◆ **COLLECTED MATERIAL**
•••

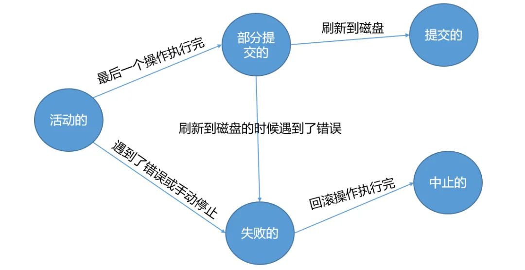 现在我们已经知道,事务其实是一个抽象的概念,由一个有限的数据库操作序列构成,对应着一个或多个数据库操作,这些操作所执行的不同阶段大致上有以下几个状态:
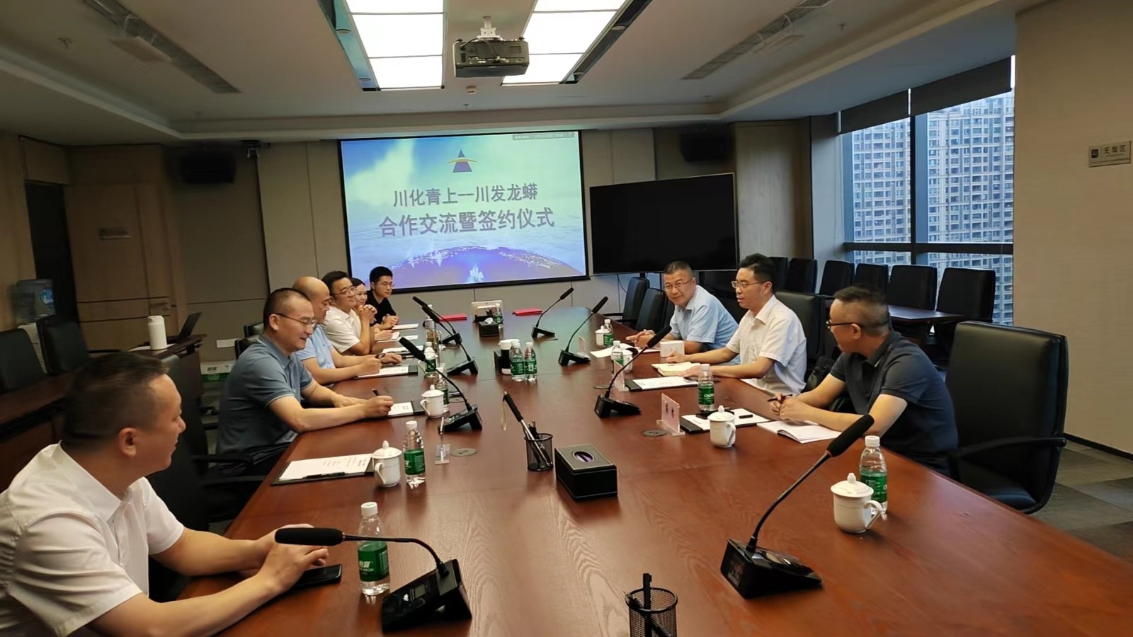 川发龙蟒公司经营中心总经理张世银、经营中心总经理助理陈庚、经营中心供应部部长曹军成及相关业务经理,川化青上公司经营部副部长蒋忠及相关人员参与交流。
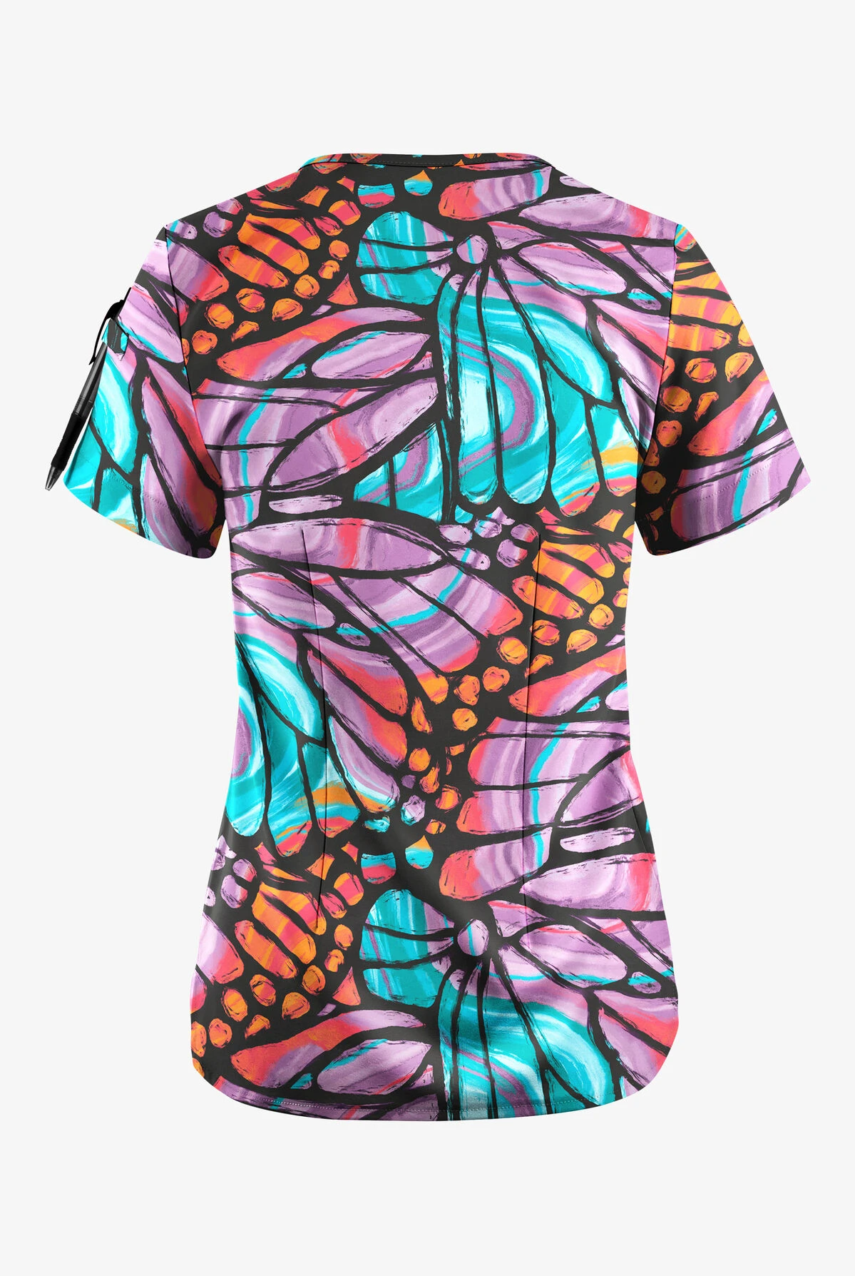 - Features a butterfly print with a stained glass feeling

•••

◆ **EXERCISE DESCRIPTION**
Only the pictures are to be left out, and all of the data must otherwise be transcribed exactly.

◆ **YOUR RESPONSE**
 现在我们已经知道,事务其实是一个抽象的概念,由一个有限的数据库操作序列构成,对应着一个或多个数据库操作,这些操作所执行的不同阶段大致上有以下几个状态:
 川发龙蟒公司经营中心总经理张世银、经营中心总经理助理陈庚、经营中心供应部部长曹军成及相关业务经理,川化青上公司经营部副部长蒋忠及相关人员参与交流。
 - Features a butterfly print with a stained glass feeling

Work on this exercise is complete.